Because the function does not specialize on the specific module you pass, M.foo must be a run-time lookup. This runs much slower than doing this work at compile time.
Your pattern of Type{Mod{M}} forces the instance of the module into the type domain, in which case it is specialized. Although I would have simply used ::Val{M} rather than Type{Mod{M}} to do that.
Perhaps you can provide a little more info on what you’re trying to accomplish? People here can probably suggest a better way to do it. My first impulse is that you should have a single function with multiple methods or pass the function directly, rather than pass modules and do lookups within them.
1 Like
Thanks, this is more or less what I suspected.
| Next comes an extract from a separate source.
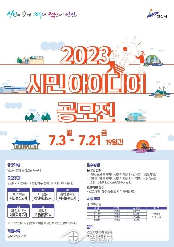 (경인뷰) 안산시는 민선8기 출범 1주년을 맞아 이달 3일부터 오는 21일까지 ‘2023년 시민 아이디어 공모전’을 개최한다고 6일 밝혔다.
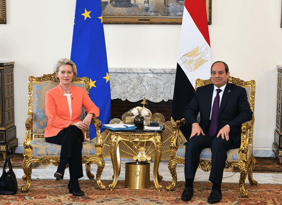 صرح الرئيس المصري عبد الفتاح السيسي، أمس الأحد، في مؤتمر صحفي عقب القمة المصرية مع مسؤولين أوروبيين، بأنه تم التوقيع على حزمة مساعدات بقيمة 7.4 مليار يورو من الاتحاد الأوروبي، شهدت التركيز على ملفات الطاقة وإنتاج الهيدروجين الأخضر ومنتدى غاز شرق المتوسط ومكافحة ظاهرة الهجرة غير الشرعية.

I’m working on a larger post on exactly why I’m doing it this way. Short answer: it’s not one function I’m worried about, but a group of related structs and functions that I don’t all want to give trait arguments. Grouping them into a module makes my code more readable.
The funny thing is, I can define
@inline foo_twice(M::Module, bar) = foo_twice(Mod{M}, bar)
regaining a simpler interface with the performance of the trait implementation (as far as I can tell).
Regarding your @inline workaround. This will work sometimes, because inlining makes constant propagation more potent. But it’s only a hint and may not work in all cases. If the module is not a known constant at the call site, you can still end up in a similar situation to the original (except with the dynamic dispatch happening within the ::Module method rather than the ::Type{Mod} method). The function barrier this introduces may result in different performance characteristics (often an improvement).
A more idiomatic pattern similar to what you’re doing might be this (I use slightly different patterns for A and B, you can choose which you prefer):
module ABCore
export foo
function foo end # function stub we'll add to later
end
module A
using ..ABCore # may need to fiddle with the number of `.` depending on your context
export AA
struct AAType end # singleton type
AA = AAType() # construct an instance
ABCore.foo(::AAType, bar) = bar + bar # add a method
end
module B
using ..ABCore # may need to fiddle with the number of `.` depending on your context
export BB
struct BB end # singleton type
# here I use a slightly different pattern where BB is a type, which will change how this is called
ABCore.foo(::BB, bar) = bar * bar # add a method
end
julia> using .ABCore, .A, .B
julia> foo(AA, 3) # AA is an instance, so call like this
6
julia> foo(BB(), 3) # BB is a type, so use () to construct an instance
9
julia> methods(foo) # all methods of the same function now
# 2 methods for generic function "foo" from Main.ABCore:
[1] foo(::BB, bar)
@ Main.B REPL[3]:9
[2] foo(::Main.A.AAType, bar)
@ Main.A REPL[2]:10
In this pattern, rather than passing around Modules, you use the singleton type provided by each module to control which method of foo is called. There is only a single foo function, but different modules create different methods to implement it.